### Input for this task
BEGIN

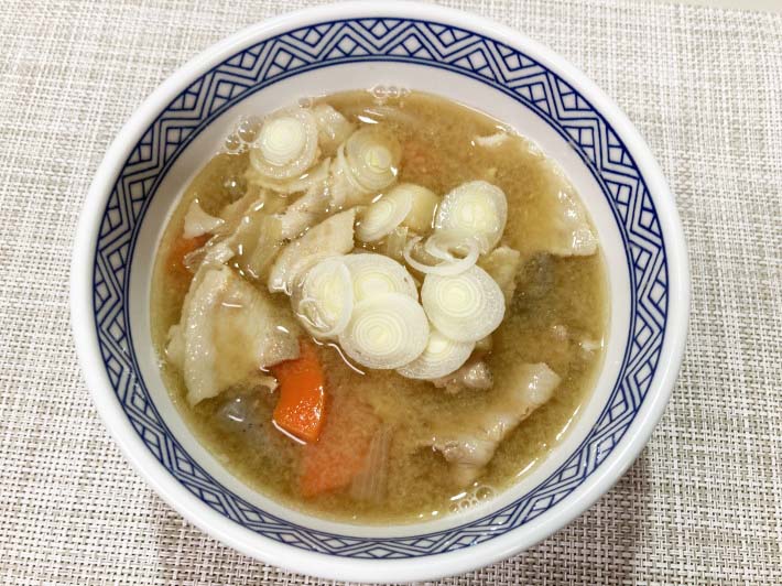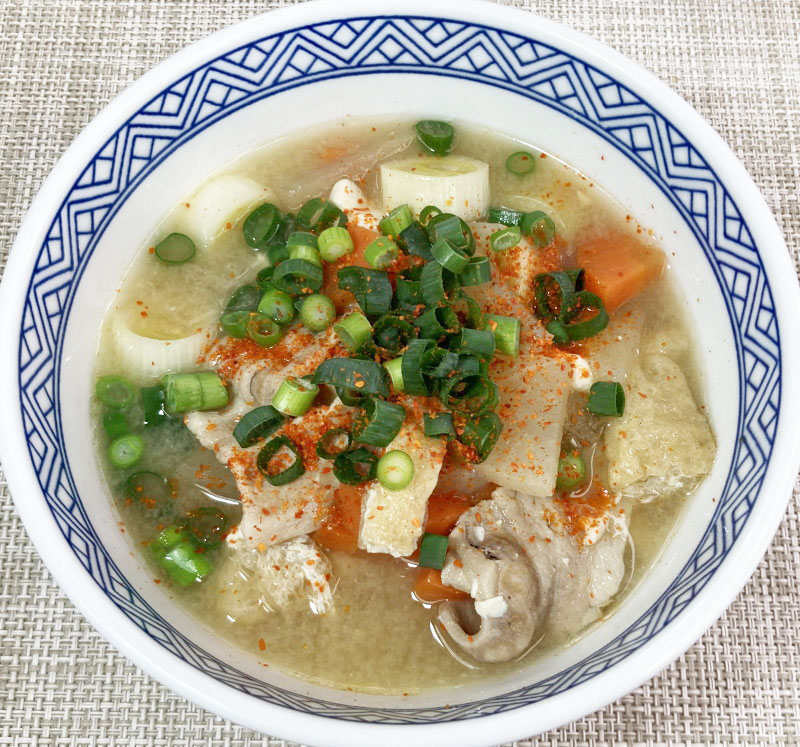 かつや風「豚汁」かつやの豚汁って美味しいですよね。いつもは自分なりの豚汁を良く作るのですが、今回はかつや風にしてみました。材料(3~4人分)スライス豚バラ150~200g大根100g人参1/2本コンニャク小1個玉ねぎ1/4個じゃが芋小1個水1,000ml白系味噌大さじ4前後青または白ネギ適量七味または一味唐辛子適量作り方豚バラを4㎝幅に切る。大根・人参は皮をむき5mm厚の銀杏切りにする。玉ねぎは櫛型切り、ジャガイモは小さめに、コンニャクは5mm厚の短冊に切る。鍋に水を張り大根、人参、コンニャクを入れ20分ほど経ってから豚バラ、玉ねぎを入れアクを取りながら10分煮る。※この間に水が減っていくが追加しない。④に味噌を半量入れ、味を見ながら足していく。器に盛り小口切りのネギ、唐辛子をかけて完成。 ツイートこのページの先頭へ戻る Top Menu
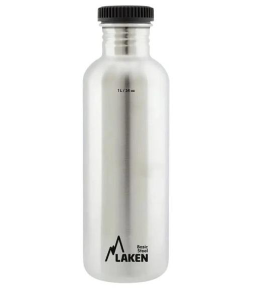 Moderní jednoplášťová láhev LAKEN z nerezové oceli 18/8, která zajišťuje naprostou bezpečnost nápoje.
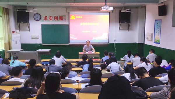 6月17日,校党委书记龙治刚参加生物学院党总支主题党日活动,为师生作全国两会精神宣讲。生物学院全体教工党员、民主党派和党外知识分子代表、毕业班学生党员参加了宣讲会。
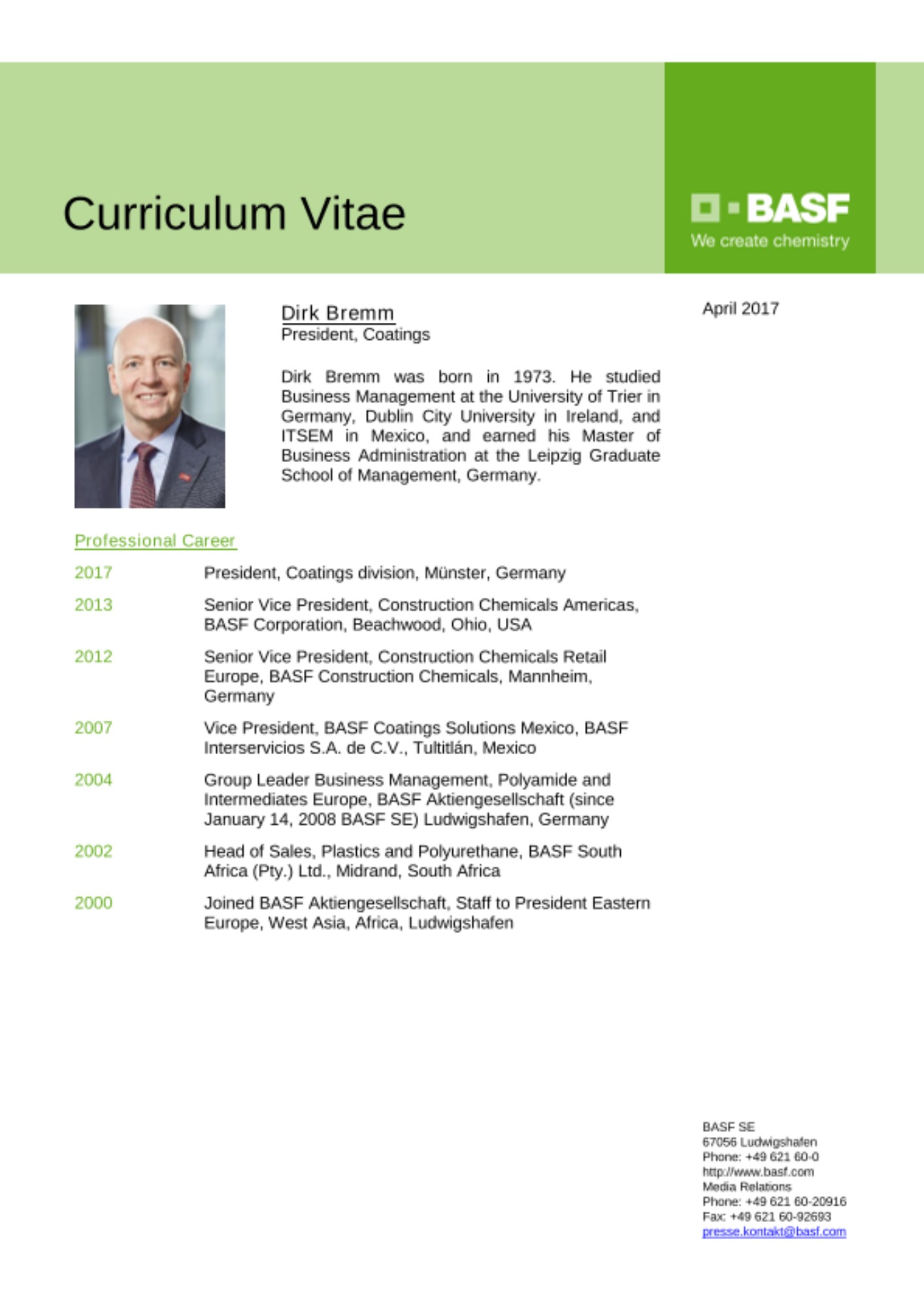 Bremm earned his Master’s Degree in Business Administration at the Leipzig Graduate School of Management in Leipzig, Germany. He joined BASF in 2000 in Ludwigshafen, Germany. After holding different positions in various segments of BASF Group – including head of Business Management Polyamide and Intermediates Europe in Ludwigshafen, and vice president of BASF Coatings Solutions in Tultitlán, Mexico – Bremm served as senior vice president for Construction Chemicals Americas in Beachwood, Ohio, USA.
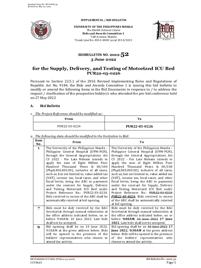 Standard Form No. SFGOOD30 Revised on: May 24, 2004SUPPLEMENTAL / BID BULLETIN UNIVERSITY OF THE PHILIPPINES MANILA The Health Sciences Center Bids and Awards Committee 1 Taft Avenue, Manila Trunk
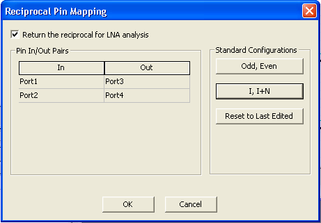 To enable the reciprocal operation, click the box Return the reciprocal for LNA analysis. Use the Standard Configurations buttons to select the pin mapping configuration used by your subcircuit. The illustration above shows the Odd, Even configuration with four ports; the odd-numbered ports 1 and 3 are the inputs and the even-numbered ports 2 and 4 are the corresponding outputs. The figure below shows the I, I+N configuration; now the inputs are ports 1 and 2, while the corresponding outputs are ports 3 and 4.

END

### What is required
Begin at the first line of the entries above and return each line exactly, stopping after the line that contains "Moderní jednoplášťová láhev". Pictures do not belong in the copy.

### Task result
 かつや風「豚汁」かつやの豚汁って美味しいですよね。いつもは自分なりの豚汁を良く作るのですが、今回はかつや風にしてみました。材料(3~4人分)スライス豚バラ150~200g大根100g人参1/2本コンニャク小1個玉ねぎ1/4個じゃが芋小1個水1,000ml白系味噌大さじ4前後青または白ネギ適量七味または一味唐辛子適量作り方豚バラを4㎝幅に切る。大根・人参は皮をむき5mm厚の銀杏切りにする。玉ねぎは櫛型切り、ジャガイモは小さめに、コンニャクは5mm厚の短冊に切る。鍋に水を張り大根、人参、コンニャクを入れ20分ほど経ってから豚バラ、玉ねぎを入れアクを取りながら10分煮る。※この間に水が減っていくが追加しない。④に味噌を半量入れ、味を見ながら足していく。器に盛り小口切りのネギ、唐辛子をかけて完成。 ツイートこのページの先頭へ戻る Top Menu
 Moderní jednoplášťová láhev LAKEN z nerezové oceli 18/8, která zajišťuje naprostou bezpečnost nápoje.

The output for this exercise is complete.